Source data
------------

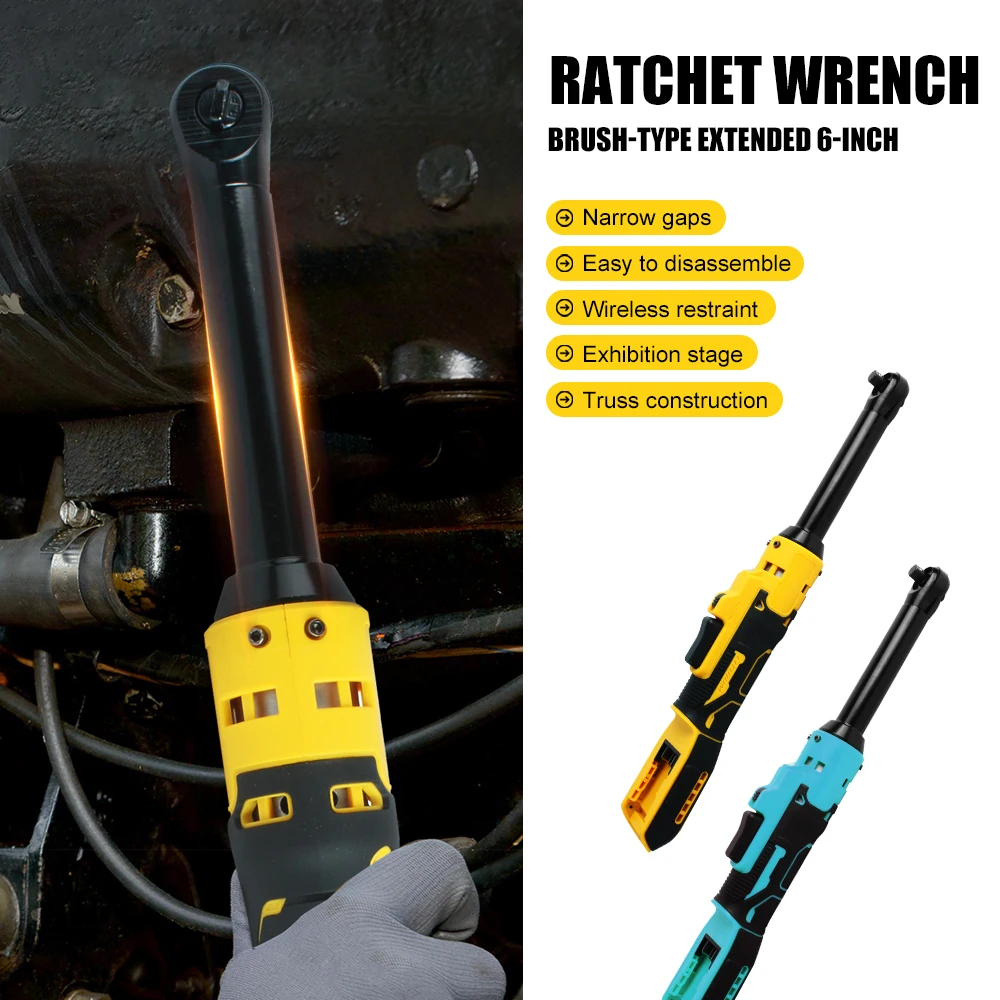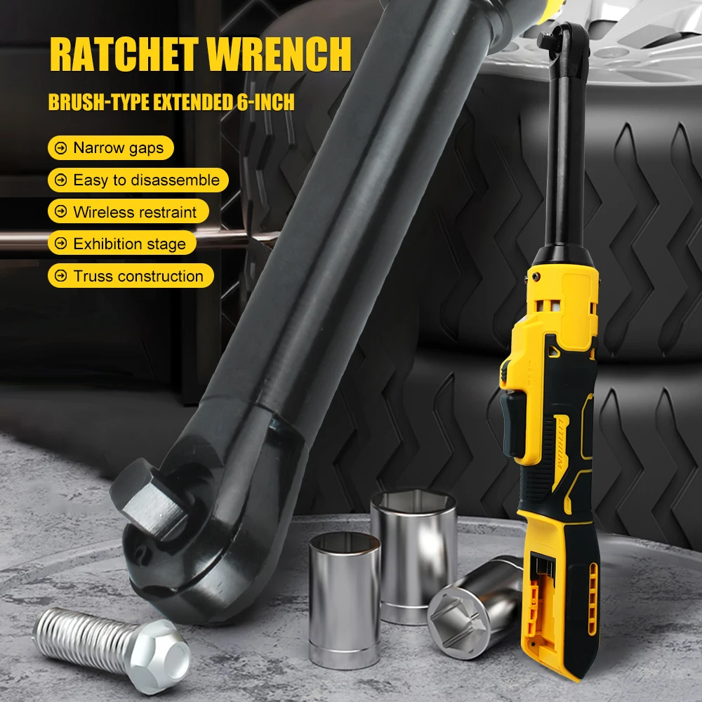 6-Inch Extension Electric Wrench 21V Lithium-Ion 3/8″ Ratchet Wrench Ratchet Tool Compatible with Dewalt or Makita Batteries
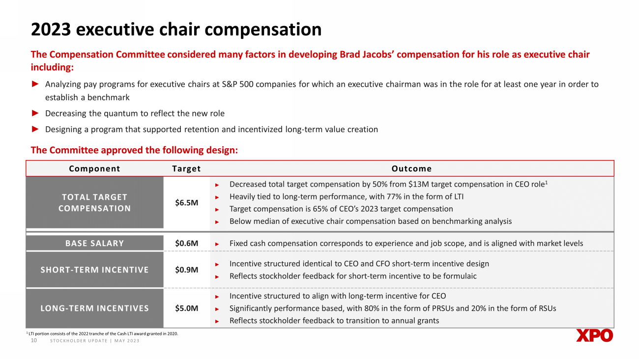 STOCKHOLDER UPDATE | MAY 2023 9 In response to stockholder feedback, the Compensation Committee established a formulaic incentive structure that is primarily performance - based and aligned with long - term strategy 2023 compensation program 1 COO profit - sharing cash incentive program paid out quarterly and subject to Mr. Bates’ continuing employment through the date o n which the Company’s quarterly earnings are publicly announced and the terms and conditions of the Company’s profit - sharing cash incentive program to be approved by the Company’s co mpensation committee. 2 Represents 2023 LTI design for XPO’s executive chairman and CEO. CFO LTI consists of 65% PRSUs and 35% RSUs. COO LTI consists of 63% PRSUs and 37% RSUs. 3 Compensation components as confirmed in Mr. Harik’s employment agreement filed on August 4, 2022. Mr. Harik’s Promotion PSU Award granted in 2022 is not included in the graphic. BASE SALARY SHORT - TERM INCENTIVE LONG - TERM INCENTIVES 2 ELEMENT 2023 COMPENSATION DESIGN ► Fixed cash compensation corresponds to experience and job scope, and is aligned with market levels Executive Chairman, CEO and CFO ► 100% based on performance against the company’s annual adjusted EBITDA target − Adjusted EBITDA is a mainstay goal for financial performance measurement in each of XPO’s reportable segments ► 80% PRSUs based on three - year performance period − 40% - LTL Adjusted EBITDA Growth − 20% - LTL Adjusted Operating Ratio Improvement − 40% - Relative TSR vs. S&P Transportation Select Index (target earned if TSR is at 60th percentile) Additional PRSU Key Features: − Cliff vesting contingent upon performance hurdles − Post - vesting sales restriction of one year ► 20% RSUs which vest annually over three years 8% 17% 60% 15% 2023 Annual Target CEO Compensation Mix 3 Base Salary Short - Term Incentive Performance - Based RSUs Time - Vested RSUs 77% of target CEO pay is at - risk CHANGE - ► Removed the modifier, establishing a purely formulaic incentive ► Transitioned to practice of awarding an annual LTI grant ► PRSU operational targets are tied to the company’s multi - year outlook for the LTL business, as communicated at 2022 Investor Day ► Double - trigger change - in - control provision applied COO 1 ► Profit - sharing cash incentive program with 0.56% participation factor of LTL adjusted operating income − Adjusted operating income incentivizes improving profitability
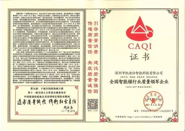 2017年9月5日,Kaadas伟德app安卓版下载喜获由中国质量检验协会颁发的五项大奖,在此之前,伟德app安卓版下载已连续多年获得中国质量检验协会的多项荣誉。如今伟德app安卓版下载凭着一如既往的对品质的坚持和不懈追求,更是一次包揽下五大奖项。
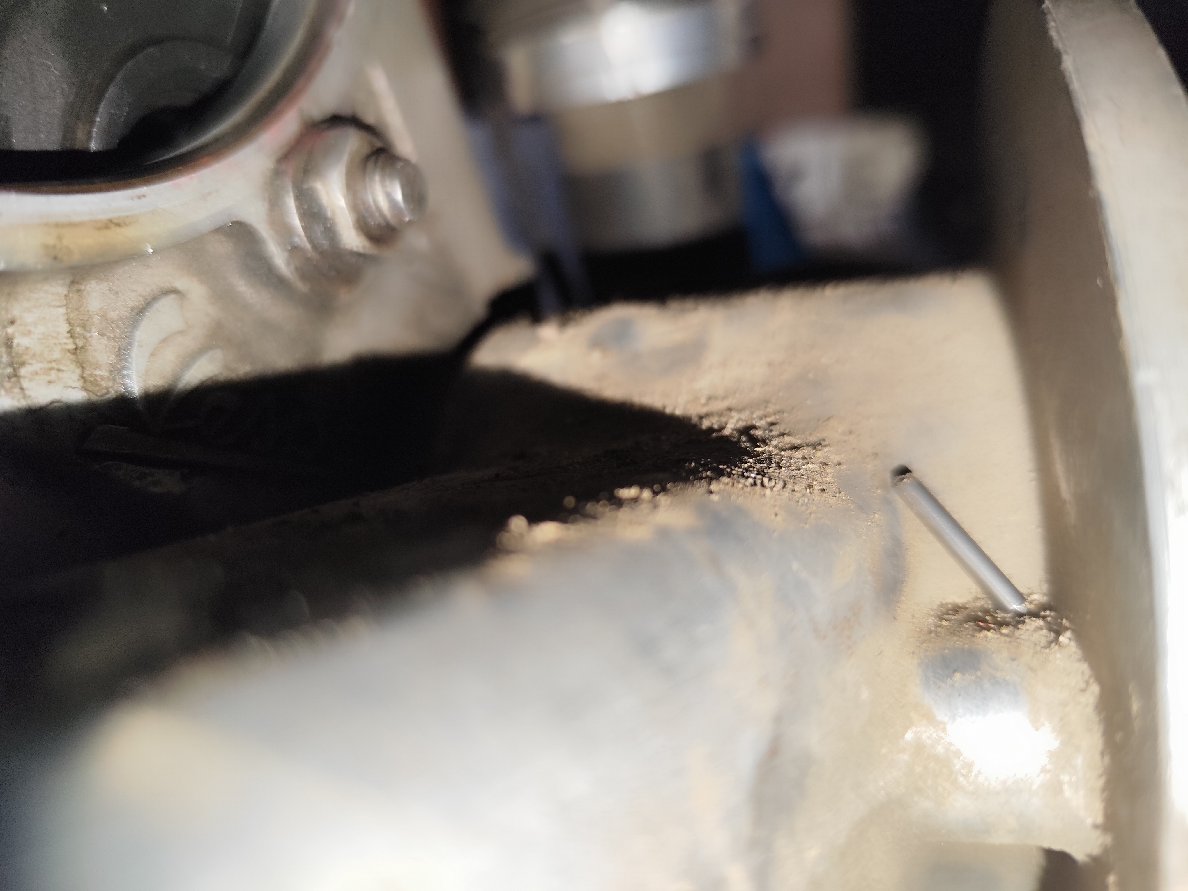 Dann mal das Handy genommen und gefreut. Die Nadel war auch da. Glück gehabt. Alles wieder zusammen gebaut. Diesmal mit Loctide Hochfest zur Sicherheit.
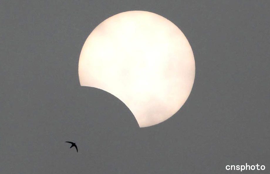 7月22日上午10點28分,北京上空出現的燕子爭相追逐日偏食奇觀。
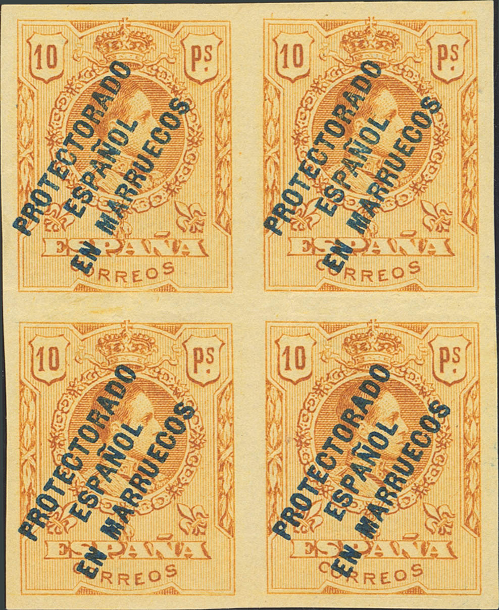★★ 55s(4). 1915. 10 pts naranja, bloque de cuatro (pliegue central que no toca los sellos). SIN DENTAR. MAGNIFICO. Edifil 2018: 440 Euros
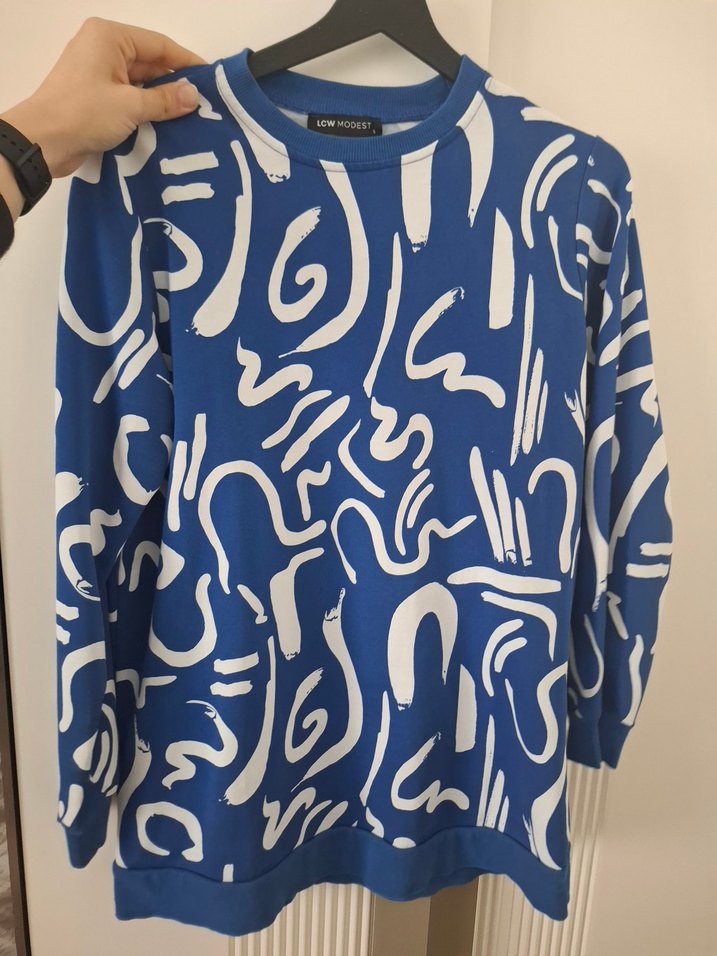 Uzun kollu, baskılı ve mavi renkte, rahat kesimli sweatshirt. Suni kumaştan üretilmiş, günlük kullanıma uygun şık bir sokak tarzı ürünü.
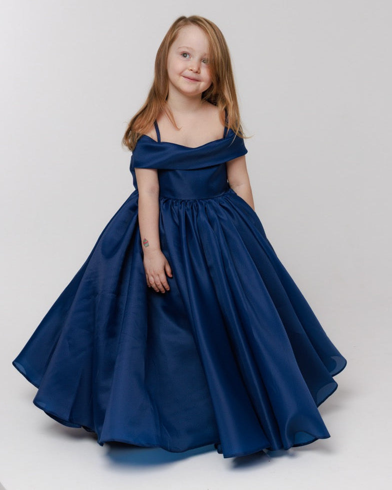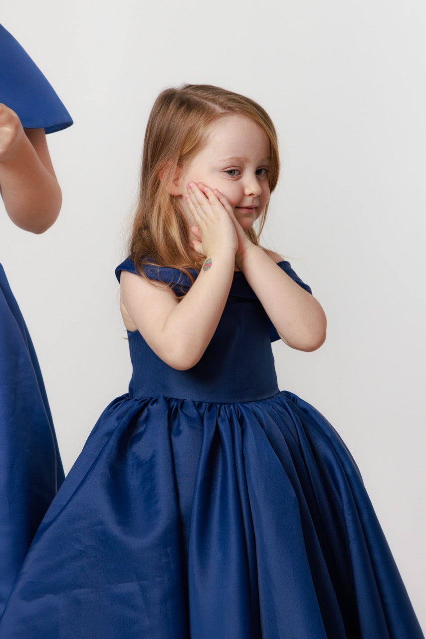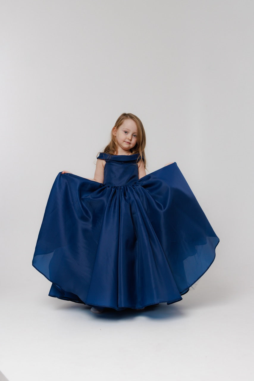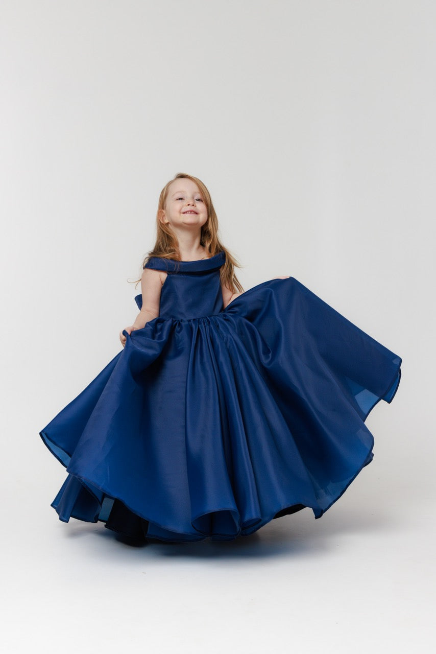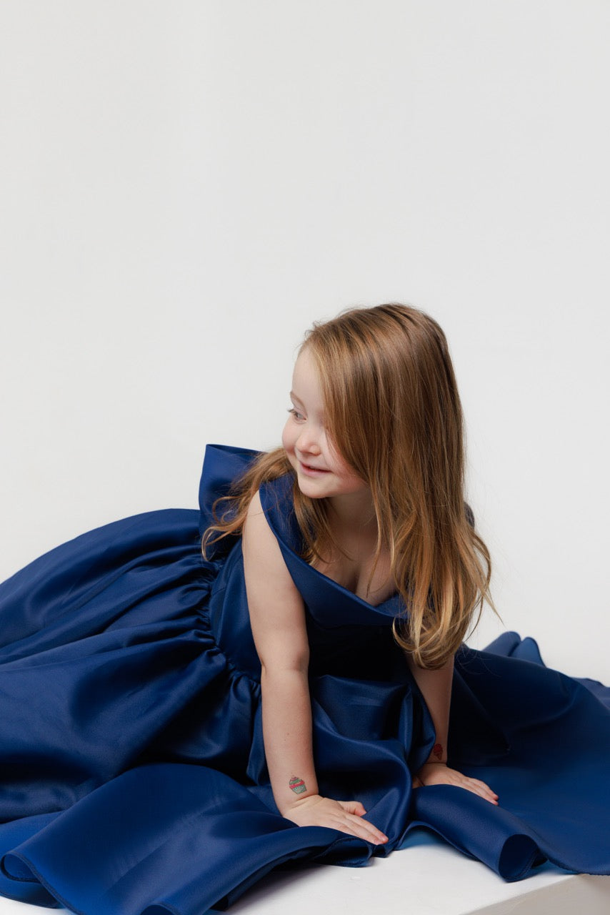 This children’s dress is a graceful statement of modern elegance, crafted from flowing organza in a deep, refined navy blue. The fabric’s subtle translucence and gentle sheen create a sense of lightness, allowing the gown to move beautifully while maintaining a structured, couture-inspired silhouette.
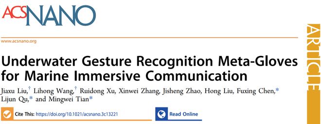 青岛大学田明伟教授ACSNano:探索水下交互新境界智能手套应用于手势识别

------------

▶ Problem to work on: Your reply should be the entries copied exactly, with all images omitted.

▶ Exercise output:
 6-Inch Extension Electric Wrench 21V Lithium-Ion 3/8″ Ratchet Wrench Ratchet Tool Compatible with Dewalt or Makita Batteries
 STOCKHOLDER UPDATE | MAY 2023 9 In response to stockholder feedback, the Compensation Committee established a formulaic incentive structure that is primarily performance - based and aligned with long - term strategy 2023 compensation program 1 COO profit - sharing cash incentive program paid out quarterly and subject to Mr. Bates’ continuing employment through the date o n which the Company’s quarterly earnings are publicly announced and the terms and conditions of the Company’s profit - sharing cash incentive program to be approved by the Company’s co mpensation committee. 2 Represents 2023 LTI design for XPO’s executive chairman and CEO. CFO LTI consists of 65% PRSUs and 35% RSUs. COO LTI consists of 63% PRSUs and 37% RSUs. 3 Compensation components as confirmed in Mr. Harik’s employment agreement filed on August 4, 2022. Mr. Harik’s Promotion PSU Award granted in 2022 is not included in the graphic. BASE SALARY SHORT - TERM INCENTIVE LONG - TERM INCENTIVES 2 ELEMENT 2023 COMPENSATION DESIGN ► Fixed cash compensation corresponds to experience and job scope, and is aligned with market levels Executive Chairman, CEO and CFO ► 100% based on performance against the company’s annual adjusted EBITDA target − Adjusted EBITDA is a mainstay goal for financial performance measurement in each of XPO’s reportable segments ► 80% PRSUs based on three - year performance period − 40% - LTL Adjusted EBITDA Growth − 20% - LTL Adjusted Operating Ratio Improvement − 40% - Relative TSR vs. S&P Transportation Select Index (target earned if TSR is at 60th percentile) Additional PRSU Key Features: − Cliff vesting contingent upon performance hurdles − Post - vesting sales restriction of one year ► 20% RSUs which vest annually over three years 8% 17% 60% 15% 2023 Annual Target CEO Compensation Mix 3 Base Salary Short - Term Incentive Performance - Based RSUs Time - Vested RSUs 77% of target CEO pay is at - risk CHANGE - ► Removed the modifier, establishing a purely formulaic incentive ► Transitioned to practice of awarding an annual LTI grant ► PRSU operational targets are tied to the company’s multi - year outlook for the LTL business, as communicated at 2022 Investor Day ► Double - trigger change - in - control provision applied COO 1 ► Profit - sharing cash incentive program with 0.56% participation factor of LTL adjusted operating income − Adjusted operating income incentivizes improving profitability
 2017年9月5日,Kaadas伟德app安卓版下载喜获由中国质量检验协会颁发的五项大奖,在此之前,伟德app安卓版下载已连续多年获得中国质量检验协会的多项荣誉。如今伟德app安卓版下载凭着一如既往的对品质的坚持和不懈追求,更是一次包揽下五大奖项。
 Dann mal das Handy genommen und gefreut. Die Nadel war auch da. Glück gehabt. Alles wieder zusammen gebaut. Diesmal mit Loctide Hochfest zur Sicherheit.
 7月22日上午10點28分,北京上空出現的燕子爭相追逐日偏食奇觀。
★★ 55s(4). 1915. 10 pts naranja, bloque de cuatro (pliegue central que no toca los sellos). SIN DENTAR. MAGNIFICO. Edifil 2018: 440 Euros
 Uzun kollu, baskılı ve mavi renkte, rahat kesimli sweatshirt. Suni kumaştan üretilmiş, günlük kullanıma uygun şık bir sokak tarzı ürünü.
 This children’s dress is a graceful statement of modern elegance, crafted from flowing organza in a deep, refined navy blue. The fabric’s subtle translucence and gentle sheen create a sense of lightness, allowing the gown to move beautifully while maintaining a structured, couture-inspired silhouette.
 青岛大学田明伟教授ACSNano:探索水下交互新境界智能手套应用于手势识别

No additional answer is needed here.